> _SUPPLIED MATERIAL_:
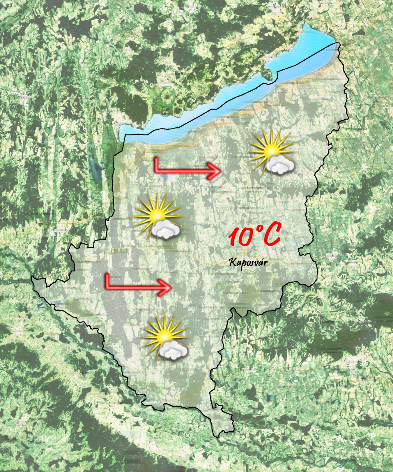 Szombat reggel erősen felhős lesz az ég. Egy hidegfront érkezik. 0°C-ig csökken a hőmérséklet. Napközben csökken a felhőzet és csapadék sem várható. Az északnyugati szél megélénkülhet. 7°C-ig emelkedik a hőmérséklet.
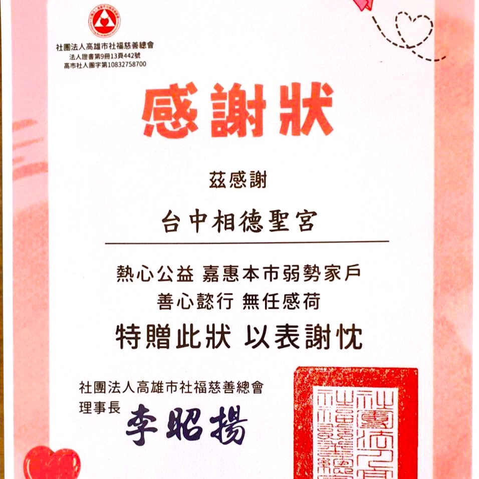 乙巳年相德聖宮普渡募集普品物資總計91份,在相德慈善會的協助下,分別捐贈給教養機構及弱勢家庭,感謝十方善信發心贊普,功德無量。
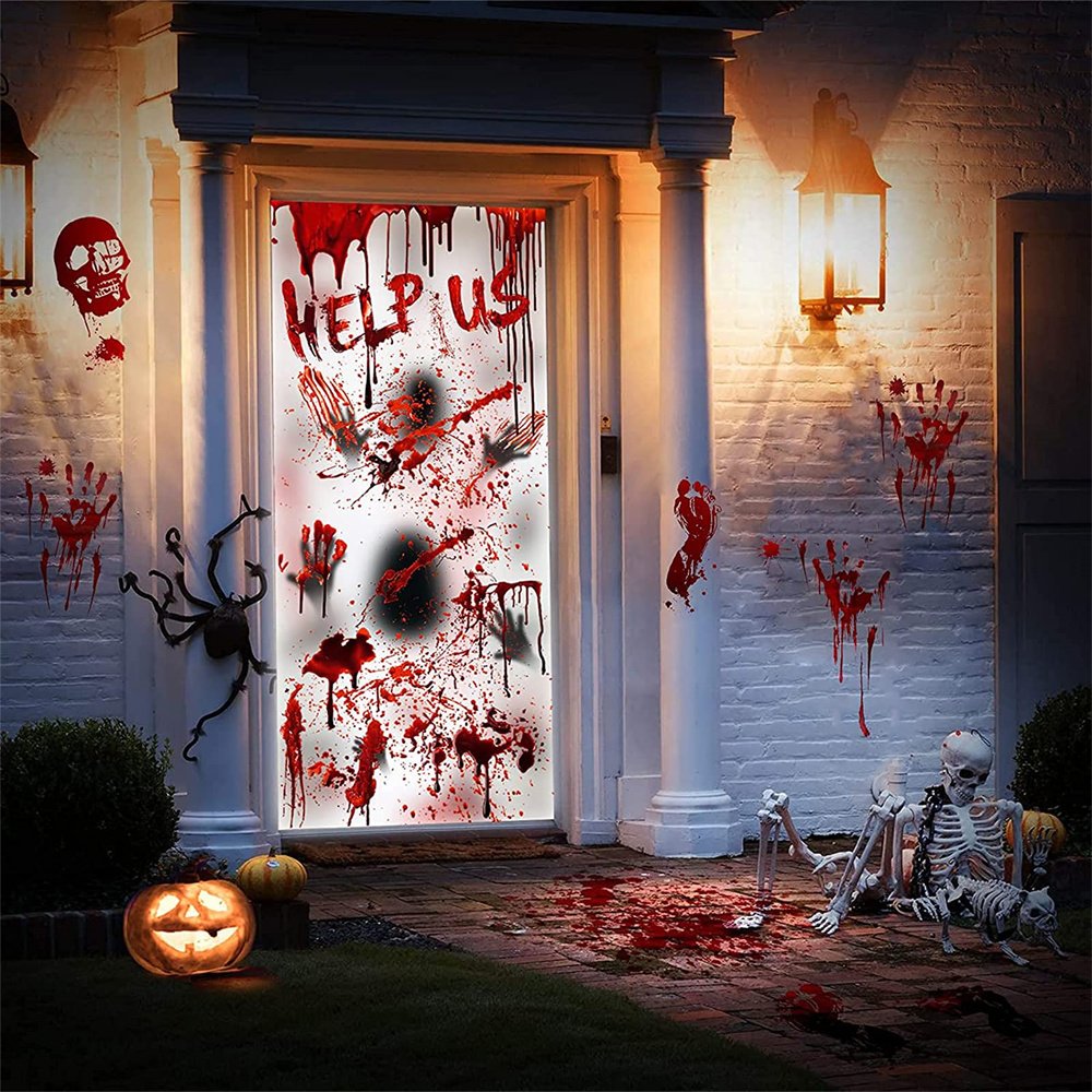 Creepy Handprints & Footprints: These stickers feature stylish designs like bloody handprints and footprints that stick easily to mirrors, fridges, and even floors. Embrace your creepy side and let these Halloween decorations turn your space into a haunted hideout.
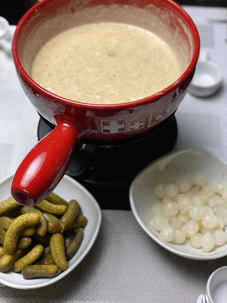Fondue is enjoyed in winter. Losing the bread in a pot constitutes a bad form that comes with a penalty to finish the shot of Kirsch (distilled cherry spirit) or wash dishes
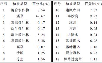 区域气候模式RegCM3中对不同下垫面的处理首先是根据地表的植被覆盖情况定义了20种土地覆盖类型, 并进一步根据土壤的质地分为12类, 颜色分为8个级别, 对不同的土地覆被类型定义了各种植被参数和土壤参数。表2 给出了矮草和半沙漠这两种土地覆被类型所定义的各种植被参数和土壤参数。下垫面覆盖类型的变化将改变地表的反照率、粗糙度、土壤含水量、植被覆盖度等下垫面参数, 从而影响地-气系统的能量平衡。但由于陆- 气间多种正、负反馈过程的同时作用, 使得土地覆被变化对气候场的影响十分复杂[12]。本研究所使用的土地覆被数据为美国地质勘测局的2%分辨率的GLCC资料, 其中位于研究区范围内的植被分布根据研究区的实际分布情况作了相应的修正,见表3。
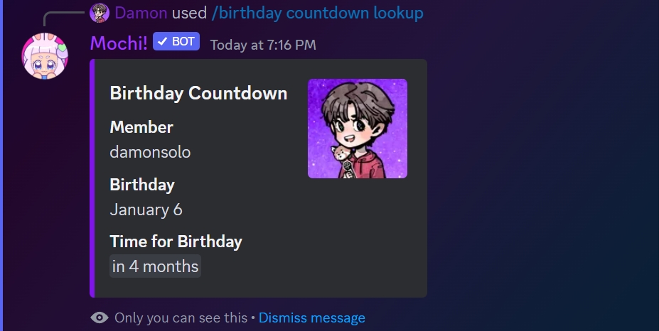 After using the command, the member's birthday will be displayed along with a countdown to the day.
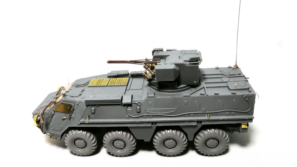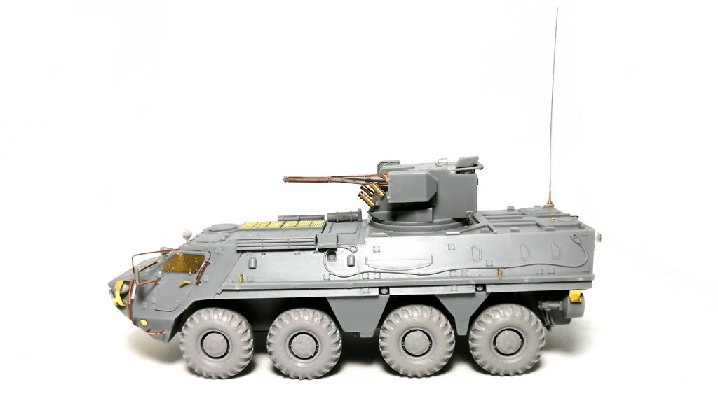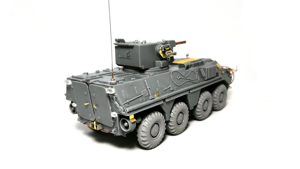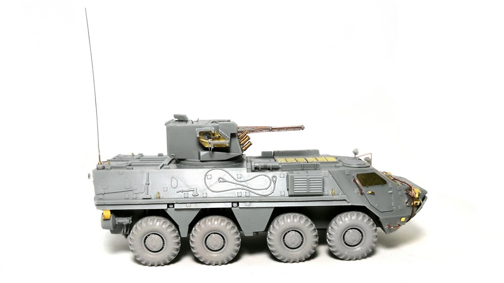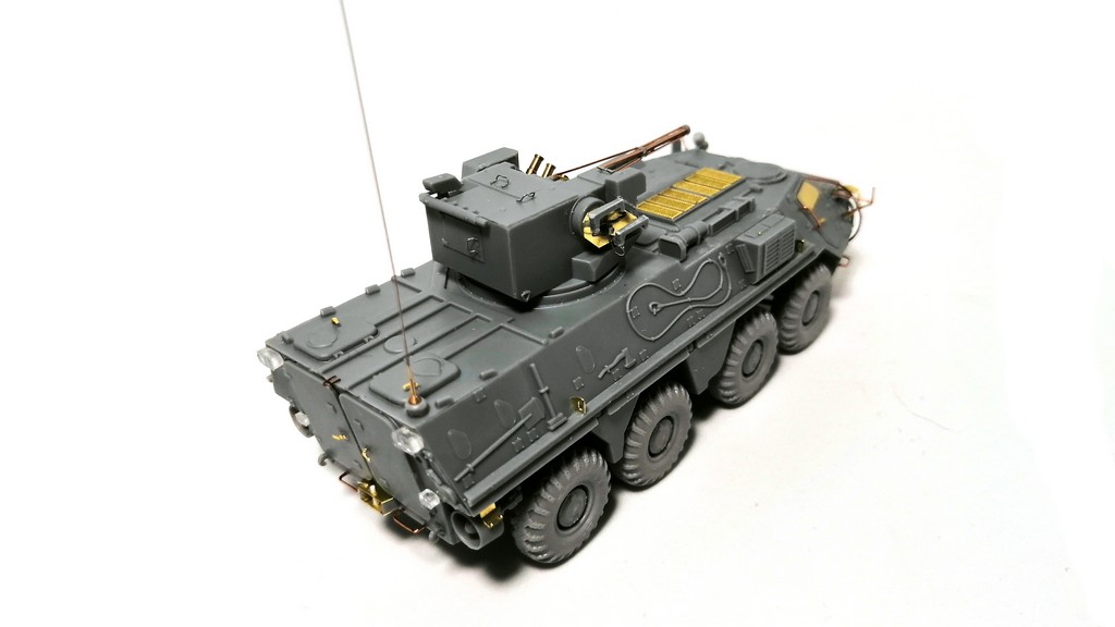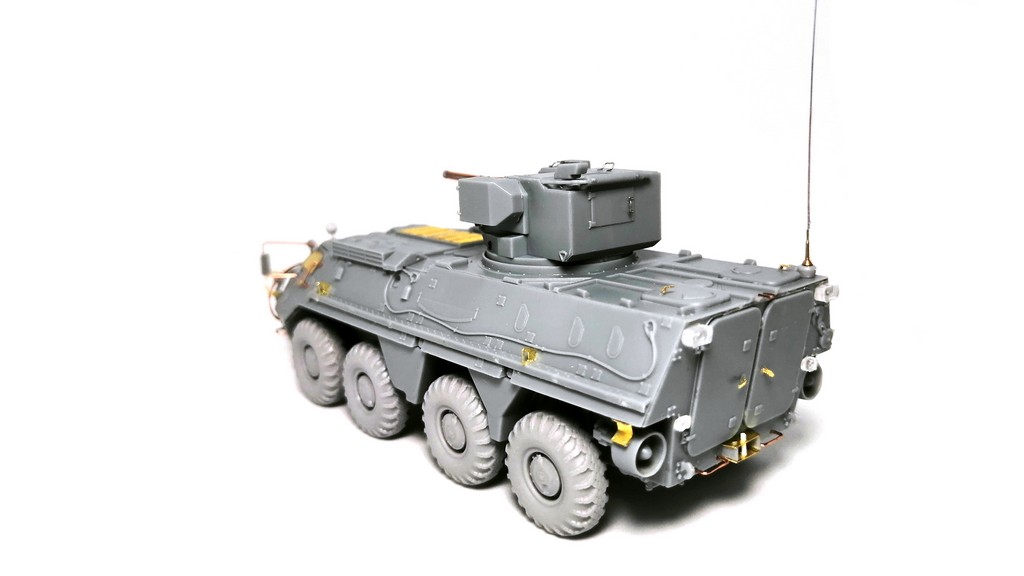 Сама модель приятна в работе, хотя избалованность многоразьёмными китайскими прессформами сказывается: свод всех поверхностей бронекороба занятие не простое. Шпаклёвка требуется! Ну и немного бесит размещение всего ЗИП на деталях бронестенок! Без инструмента от этого не избавишься. На БТР-4Е его много, вокруг всех этик тросов, молотков и пил (которые по уму надо бы сточить в 0) много «нужных» элементов (бойницы, узлы крепления экранов и прочего). Тут я всё оставил. Потренируюсь в срезании на семействе Тигр-М от RPG!
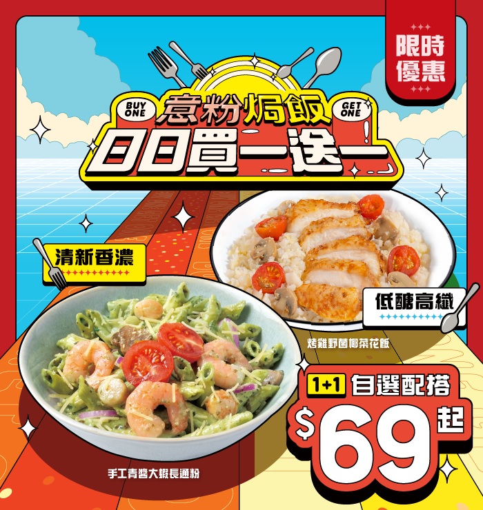 $5即配飲品1杯;$8起追加特飲*每份買一送一套餐最多可加配4杯飲品
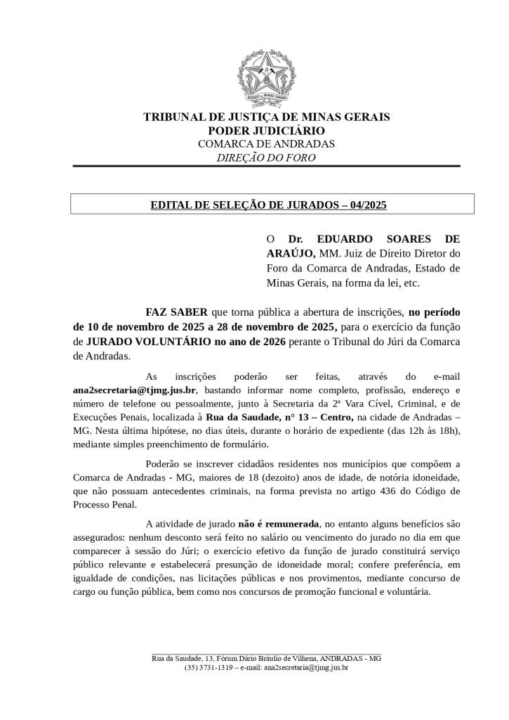 Podem se inscrever cidadãos maiores de 18 anos, residentes nos municípios que compõem a Comarca de Andradas, de notória idoneidade e sem antecedentes criminais, conforme o artigo 436 do Código de Processo Penal.
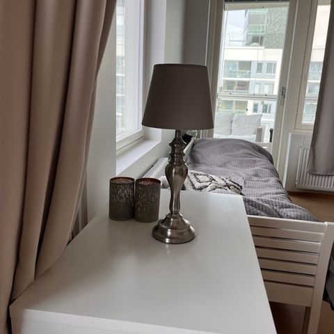 Beigen värinen lampunjalka.
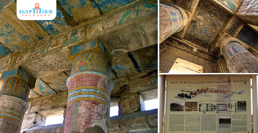 - Le temple de l'Aakh Meno : Il a été construit par le roi Thoutmosis III dans la 25e année de son règne à l'occasion de la célébration de la fête de la Sainte-Cène. Le temple comprend une cour des maîtres, le Saint des Saints, des réserves et une salle décorée de scènes de plantes, d'animaux et d'oiseaux que Thoutmosis III avait ramenés d'Asie lors de sa campagne. Il possède quatre colonnes et est situé à côté du Saint des Saints et est appelé le jardin des plantes. Il contient une plaque contenant une liste des noms des rois qui s'intéressaient à Karnak qui est aujourd'hui conservée au musée du Louvre.

> _WORK INSTRUCTION_: From the records above, output only the lines starting at the one containing "Creepy Handprints &" and ending at the one containing "Fondue is enjoyed", word for word. Pictures stay out.

> _RESPONSE FOR THIS EXERCISE_:
 Creepy Handprints & Footprints: These stickers feature stylish designs like bloody handprints and footprints that stick easily to mirrors, fridges, and even floors. Embrace your creepy side and let these Halloween decorations turn your space into a haunted hideout.
Fondue is enjoyed in winter. Losing the bread in a pot constitutes a bad form that comes with a penalty to finish the shot of Kirsch (distilled cherry spirit) or wash dishes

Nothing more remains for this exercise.